Kong Kong - 11 months ago 80
Python Question

S3 Key Not Present Immediatly After Listing

I'm using Python and boto3 to work with S3.

I'm listing an S3 bucket and filtering by a prefix:

bucket = s3.Bucket(config.S3_BUCKET)
for s3_object in bucket.objects.filter(Prefix="0000-00-00/", Delimiter="/"):

This gives me an iterable of S3 objects.

If I print the object I see:

s3.ObjectSummary(bucket_name='validation', key=u'0000-00-00/1463665359.Vfc01I205aeM627249')

When I go to get the body though I get an exception:

content = s3_object.get()["Body"].read()

botocore.exceptions.ClientError: An error occurred (NoSuchKey) when
calling the GetObject operation: The specified key does not exist.

So boto just gave me the key, but then it says it doesn't exist?

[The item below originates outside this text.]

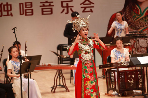 我们常说歌剧是一种表演艺术,演员在舞台上不止要唱,更要注重表演的痕迹。而今天,谭萌就为现场到来的观众朋友们带来了三段歌剧《洪湖赤卫队》选段,分别是《洪湖水浪打浪》、《小曲好唱口难开》、《没有眼泪,没有悲伤》。在这里,谭萌分别为我们演绎了韩英和小红的角色。为了更好的演绎歌剧中的小红一角,谭萌还专程学习了敲碟子,其对音乐的执着与热爱可见一斑。

This doesn't happen for all keys. Just some. If I search for the invalid key in the AWS console it doesn't find it.

Answer Source

It's safe to assume you are using the 'standard' endpoint. All of this primarily applies to it, and not the regional endpoints. S3 is atomic and eventually consistent. The documentation gives several examples, including this:

A process writes a new object to Amazon S3 and immediately lists keys within its bucket. Until the change is fully propagated, the object might not appear in the list.

Occasionally delays of many hours have been seen, and my anecdata agrees with this statement that well over 99% of the data exists within 2 seconds.

You can enable read-after-write consistency, which "fixes" this, by changing your endpoint from s3.amazonaws.com to s3-external-1.amazonaws.com:

s3client = boto3.client('s3', endpoint_url='s3-external-1.amazonaws.com')